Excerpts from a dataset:
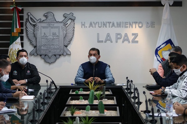 La mañana de este lunes, siendo encabezada por el Presidente Municipal Rubén Muñoz, se llevó a cabo una reunión de trabajo con las áreas operativas del XVI Ayuntamiento de La Paz y otras instituciones, con la finalidad de dar el correspondiente seguimiento a los protocolos sanitarios determinados para el municipio desde el pasado viernes, una vez que se realizó el cambio en el Sistema de Alerta Sanitario de BCS (semáforo Covid) que pasó al nivel 5 (color naranja estado crítico) dado el aumento de casos positivos en la entidad.
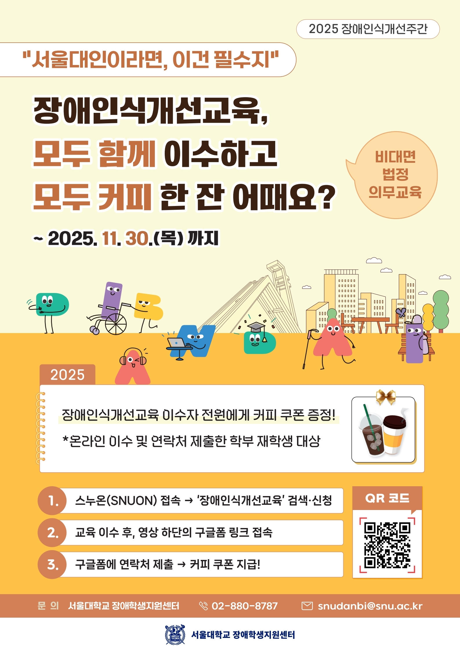 - 학생: eTL SNUON > 장애인식개선교육(학생) 이수
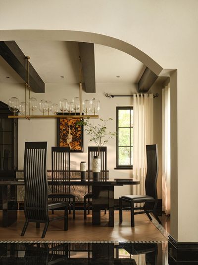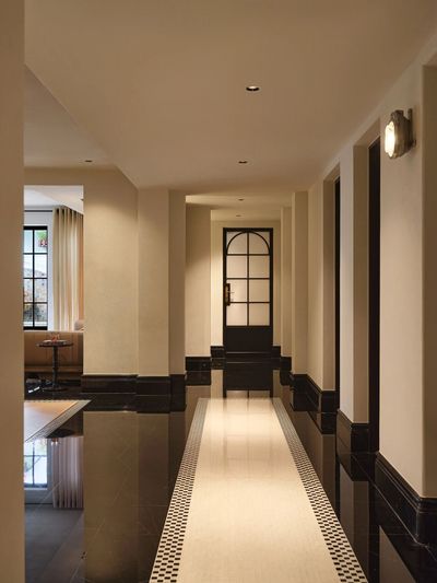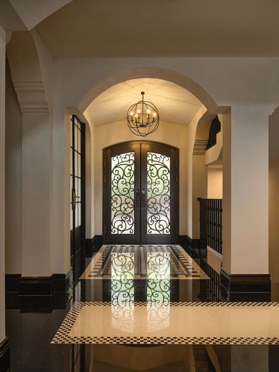 黑白拼花地砖如琴键般铺展,迎接归家的第一步。墙面艺术漆,搭配做旧金属壁灯,在光影交错中书写第一首欢迎诗。拱形门洞将视线引向深处,空间叙事由此展开。
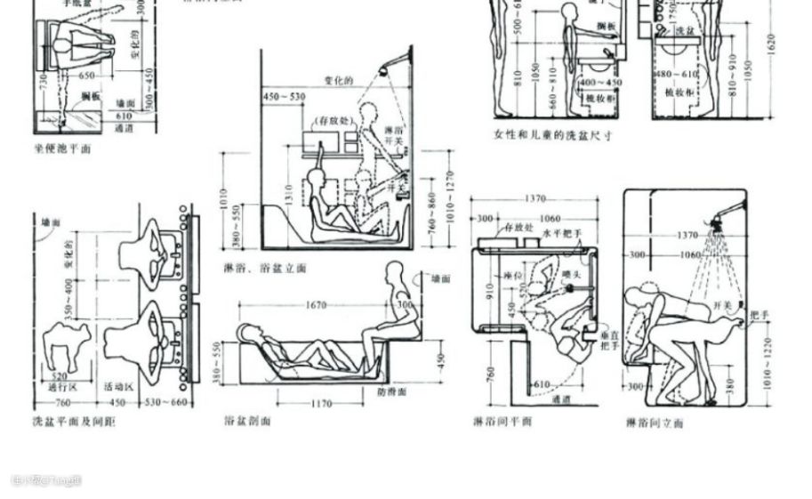 3:卫生间(卫生间主要就是浴室柜高度,长度,马桶的宽度长度,需要得空间大小多少合适,淋浴房的宽度,浴缸的尺寸。当然还有一些小的,比如毛巾架,厕纸架等,都需要符合人体工程学。)
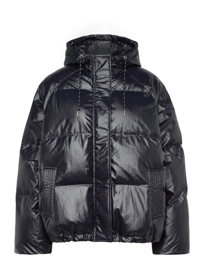 Last seasons viral sensation returns in a bold dark navy version. The popular ShelbyLL puffer jacket features a voluminous fit, inner ribbed cuffs, an adjustable elastic hem, and a large hood perfect for cold days and cool outfits. The fabric has a subtle texture and a discreet shine that gives the jacket a modern, sporty look. Puffer jacket Oversized fit with high collar and hood with drawstring Adjustable hem and side pockets Inner ribbed cuffs for extra wind and cold protection Closes with zipper and snap buttons Fabric has a light texture and a subtle shine---Measurements:XS: Chest: 136 cm / Length: 69 cm / Sleeve length (raglan): 79.4 cmS: Chest: 140 cm / Length: 70 cm / Sleeve length (raglan): 80.2 cmM: Chest: 144 cm / Length: 71 cm / Sleeve length (raglan): 81 cmL: Chest: 148 cm / Length: 72 cm / Sleeve length (raglan): 81.8 cmXL: Chest: 152 cm / Length: 73 cm / Sleeve length (raglan): 82.6 cmXXL: Chest: 156 cm / Length: 74 cm / Sleeve length (raglan): 83.4 cm
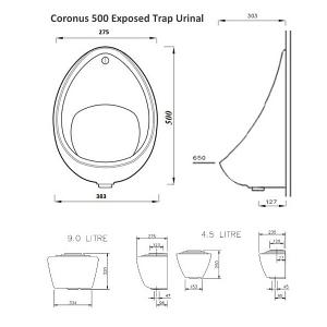 Product Data Sheet Coronus 500mm Exposed Trap Urinal
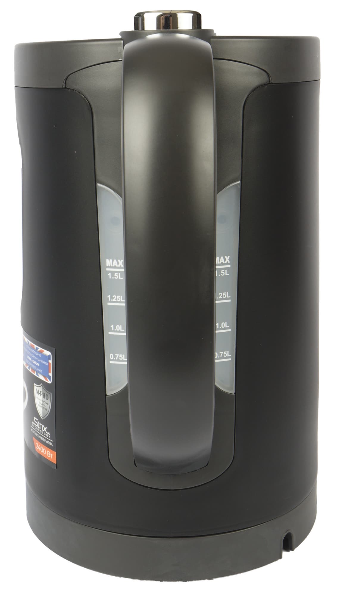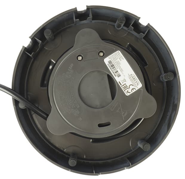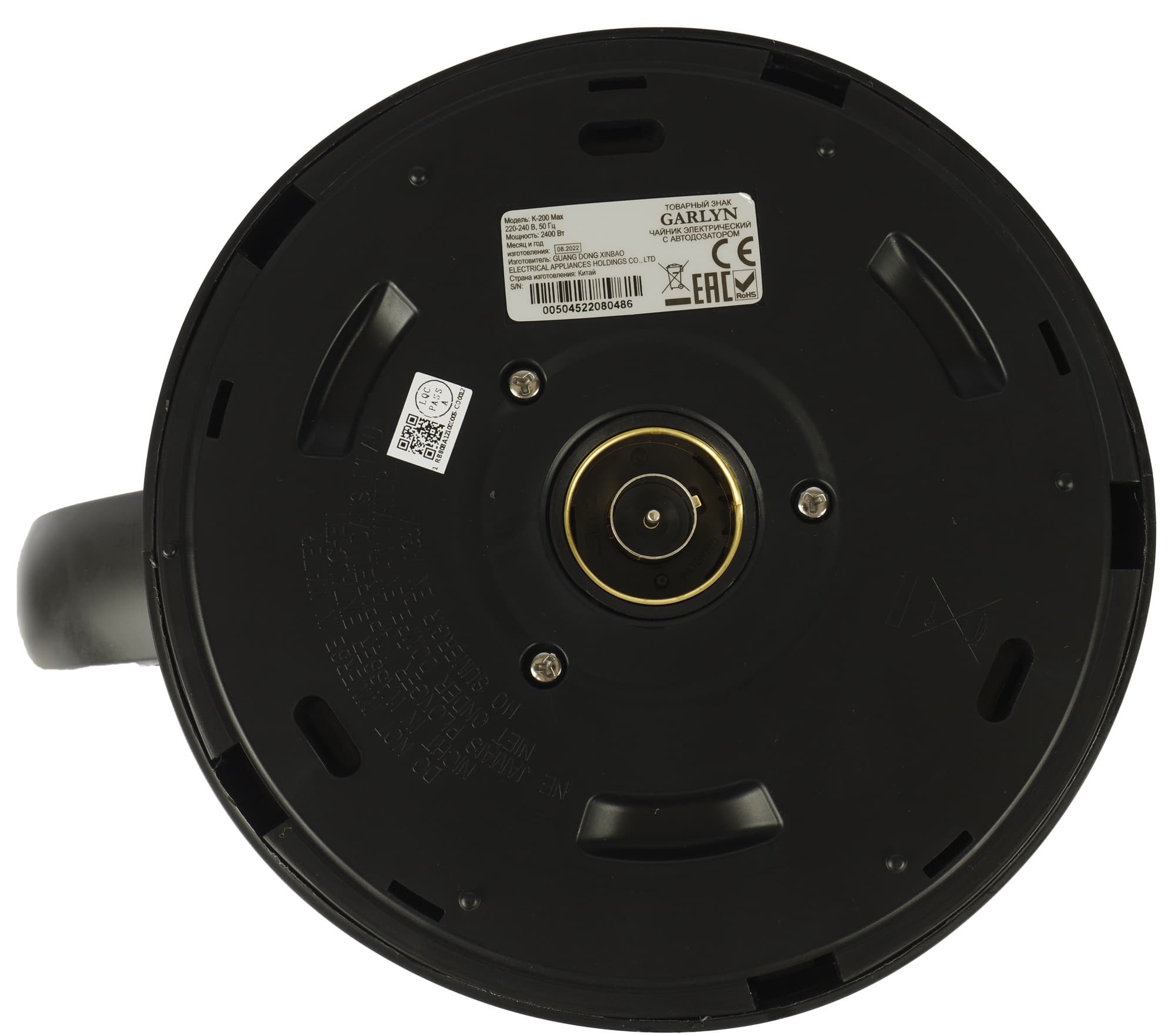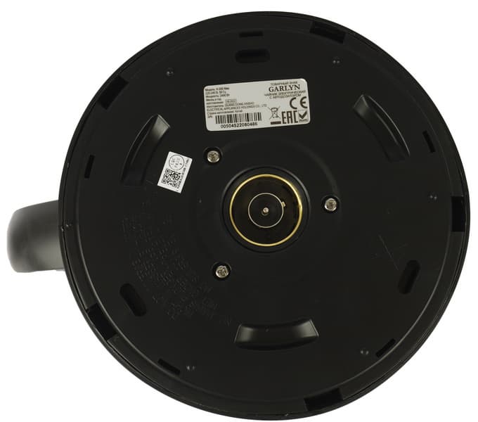 На дне чайника находится шильдик с краткой технической информацией о приборе и три выемки для установки на базу. У прибора установлен английский контроллер Strix, зарекомендовавший себя долговечным и надежным (гарантируется до 15 тысяч циклов кипячения). Контактная группа состоит из одного кольца и центрального штыря.
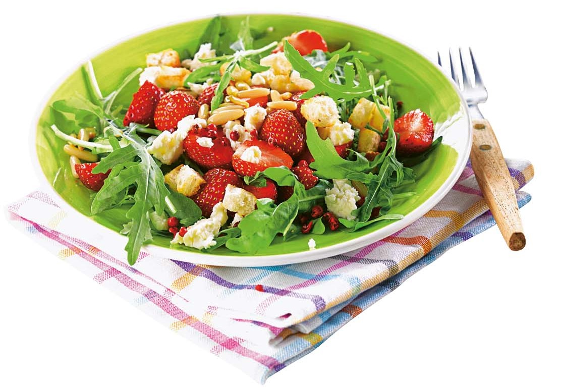 ИНГРЕДИЕНТЫ: • 70 г рукколы • 200 г клубники • 100 г мягкого сыра • растительное масло • перец
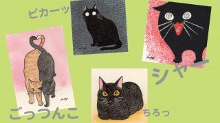 今月は黒猫さんです。 なぜかというと、27日から個展が始まる猫の額さんにはラブリーな黒猫・レイラさんがいるからです! ごっつんこされてる茶トラさんは、…
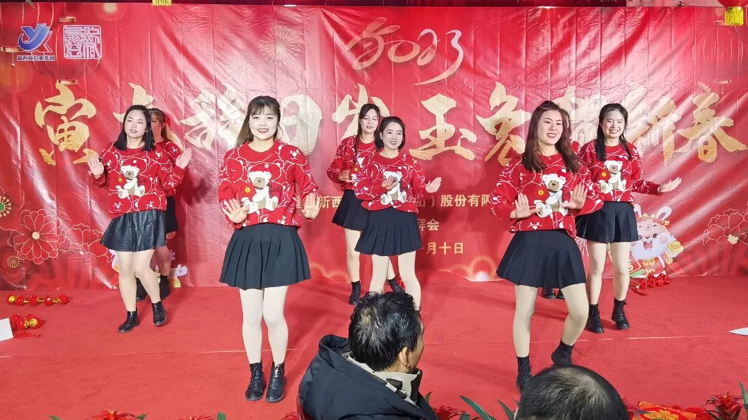 16點30分,來自后勤保障部門的姑娘們帶來的舞蹈《福氣要來到》熱舞開場,拉開了新西亞2023新春團拜晚會的帷幕。一首開場秀跳罷,臺下觀眾已然沸騰,恭賀新春的氣氛瞬間爆棚。
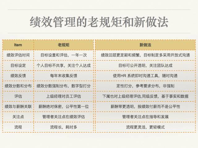 绩效管理并不是一个新话题,咱们来看看绩效管理过去的老规矩和现在的新做法吧。从下图可以看出,现在的企业,尤其是互联网公司,在绩效管理各个环节的操作方式和过去有了很大不同。现在大家倾向于用更快、更轻、体验更好的方式和方法,频度更高地进行双向绩效目标制定、绩效沟通和回顾,组织目标的达成过程中也更加强调团队的协同,员工能力的发展,通过完成具有挑战性的工作任务来发展员工能力,并把公司的价值观融入员工做事的行为要求中,更加透明,关注结果达成的同时,更加关注过程和行为(体现了领导力和价值观)。
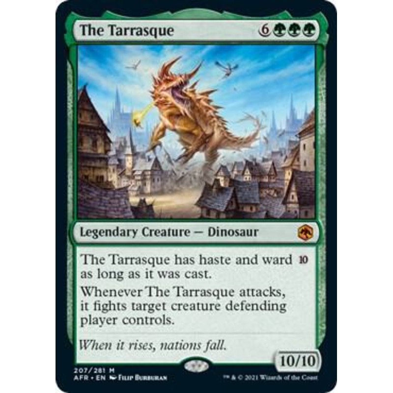 The Tarrasque has haste and ward 10 as long as it was cast.Whenever The Tarrasque attacks, it fights target creature defending player controls.Rarity:M#:207Card Type:Legendary Creature DinosaurP / T:10 / 10Flavor:When it rises, nations fall.Casting Cost: 6
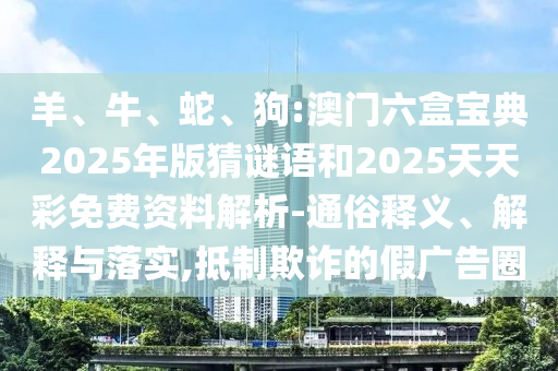 羊、牛、蛇、狗:澳門六盒寶典2025年版猜謎語和2025天天彩免費資料解析-通俗釋義、解釋與落實,抵制欺詐的假廣告圈
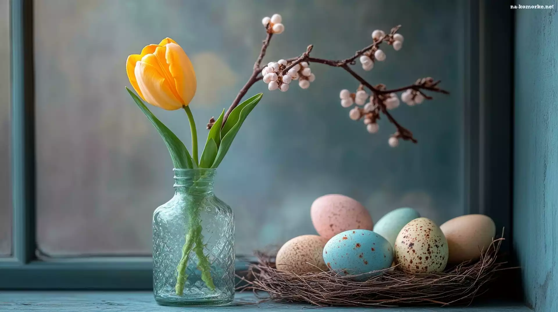 Gałazka, Wielkanoc, Tulipan, Słoik, Gniazdko, Pisanki na Komórkę
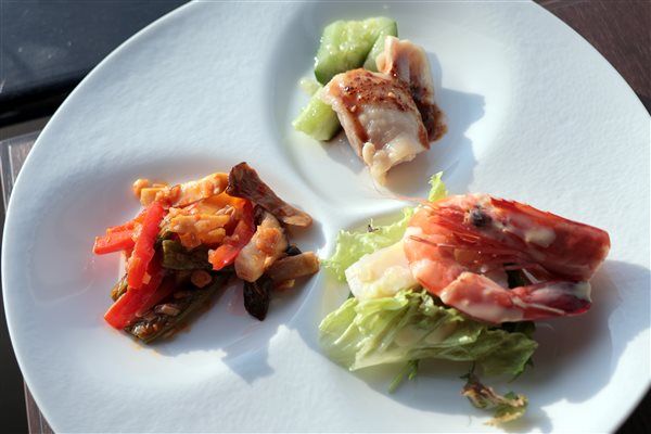 ●干し海老入り 季節の野菜と搾菜の煎り付け ●四川名菜 蒸し鶏のピリ辛黒酢ソース ●サステナブルシーフードのサラダ
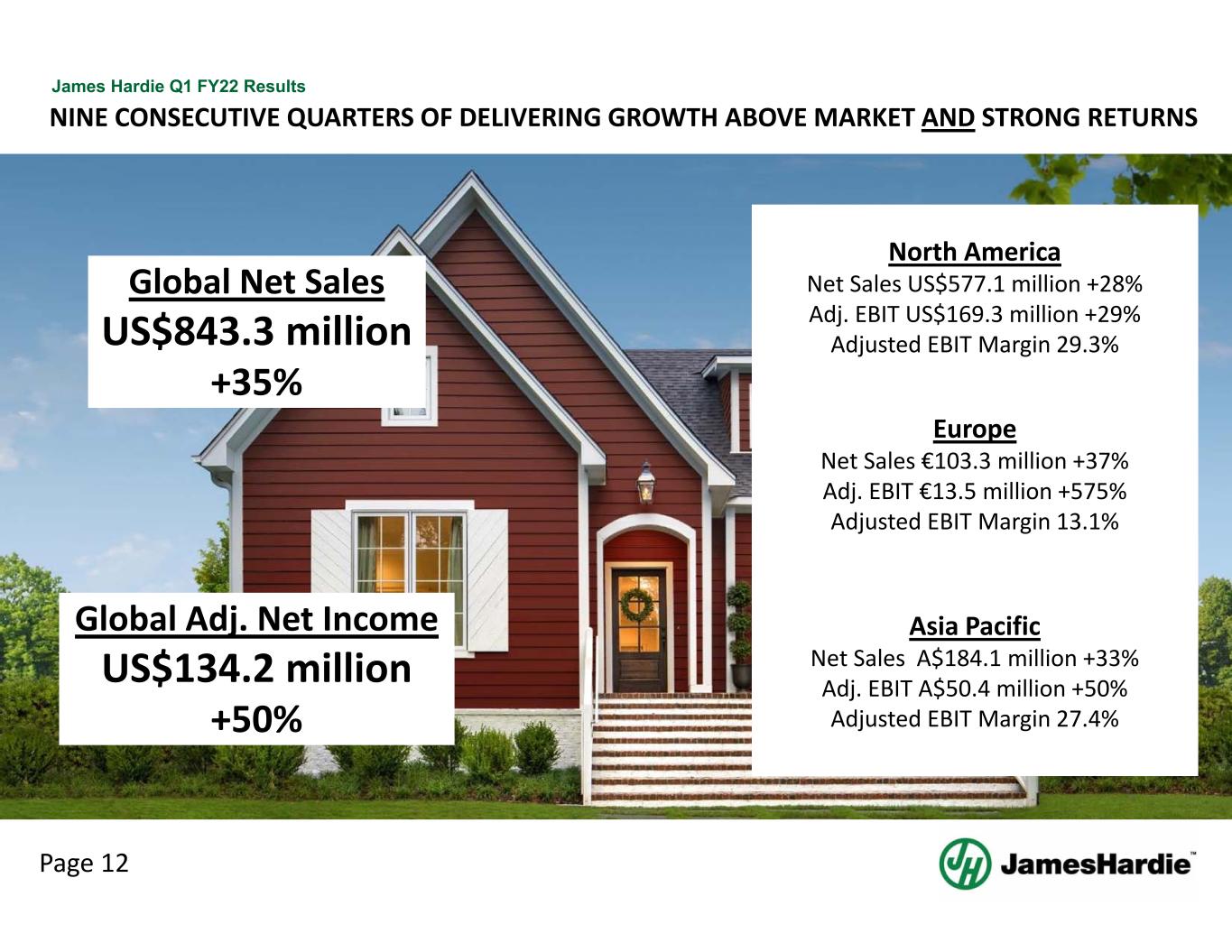 Page 12 James Hardie Q1 FY22 Results Global Net Sales US$843.3 million +35% Global Adj. Net Income US$134.2 million +50% All Europe Net Sales €103.3 million +37% Adj. EBIT €13.5 million +575% Adjusted EBIT Margin 13.1% North America Net Sales US$577.1 million +28% Adj. EBIT US$169.3 million +29% Adjusted EBIT Margin 29.3% Asia Pacific Net Sales A$184.1 million +33% Adj. EBIT A$50.4 million +50% Adjusted EBIT Margin 27.4% NINE CONSECUTIVE QUARTERS OF DELIVERING GROWTH ABOVE MARKET AND STRONG RETURNS

> _THE PROBLEM_
The answer should contain nothing but the lines from the top of the data above through the line containing "黑白拼花地砖如琴键般铺展,迎", copied exactly, with no images.

> _ANSWER_
 La mañana de este lunes, siendo encabezada por el Presidente Municipal Rubén Muñoz, se llevó a cabo una reunión de trabajo con las áreas operativas del XVI Ayuntamiento de La Paz y otras instituciones, con la finalidad de dar el correspondiente seguimiento a los protocolos sanitarios determinados para el municipio desde el pasado viernes, una vez que se realizó el cambio en el Sistema de Alerta Sanitario de BCS (semáforo Covid) que pasó al nivel 5 (color naranja estado crítico) dado el aumento de casos positivos en la entidad.
 - 학생: eTL SNUON > 장애인식개선교육(학생) 이수
 黑白拼花地砖如琴键般铺展,迎接归家的第一步。墙面艺术漆,搭配做旧金属壁灯,在光影交错中书写第一首欢迎诗。拱形门洞将视线引向深处,空间叙事由此展开。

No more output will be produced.